Representative 6-lead EKG tracings and intracardiac electrograms from the high right atrium and His bundle electrogram are shown from a control and Mlc2v^Cre/+NICD mouse. Note the fused p wave (P) and QRS complexes and widened QRS with delta wave on surface EKG as well as the fused atrial (A) and ventricular (V) electrograms in Notch-activated mice, indicative of robust AV conduction over the accessory pathway. Scale bar: 100 ms. Control mice are NICD littermates of Mlc2v^Cre/+NICD mice.

Figure 6. Activation of Notch signaling leads to ventricular preexcitation.
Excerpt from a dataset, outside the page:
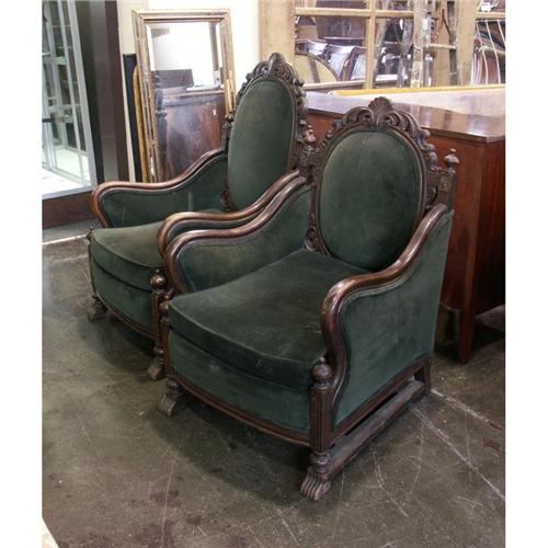 TWO ARMCHAIRS: Circa 1900 Neo Renaissance gentleman's and lady's armchairs, each with carved oval back flanked with carved rosette stiles with finial, downswept arms, paw feet.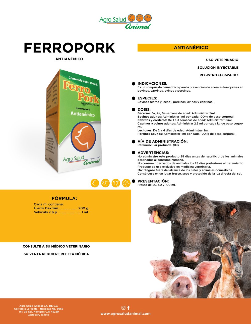 Es un compuesto hematínico para la prevención de anemias ferroprivas en bovinos, caprinos, ovinos y porcinos.

Electrical activation maps from the posterior surface of the heart, with 1-ms contour lines for (A and B) control and (C and D) Mlc2v^Cre/+NICD hearts. Note the different time scales. Atrial activation in control hearts is followed by a significant AV delay prior to ventricular activation. In Notch-activated hearts, the electrical impulse travels from the atria into the ventricles without AV delay via (C) an accessory pathway along the right posterior surface or via (D) dual accessory pathways in the right and left posterior regions, resulting in abnormal activation of the ventricles from base to apex. (E and F) Still frame activation images of the hearts from B and D, taken every 5 ms, in which a time gap of 45 ms, corresponding to AV delay, is denoted in E by a change from yellow to red numbers. White tissue is depolarized. RA, right atrium; LA, left atrium. Control mice are NICD littermates of Mlc2v^Cre/+NICD mice.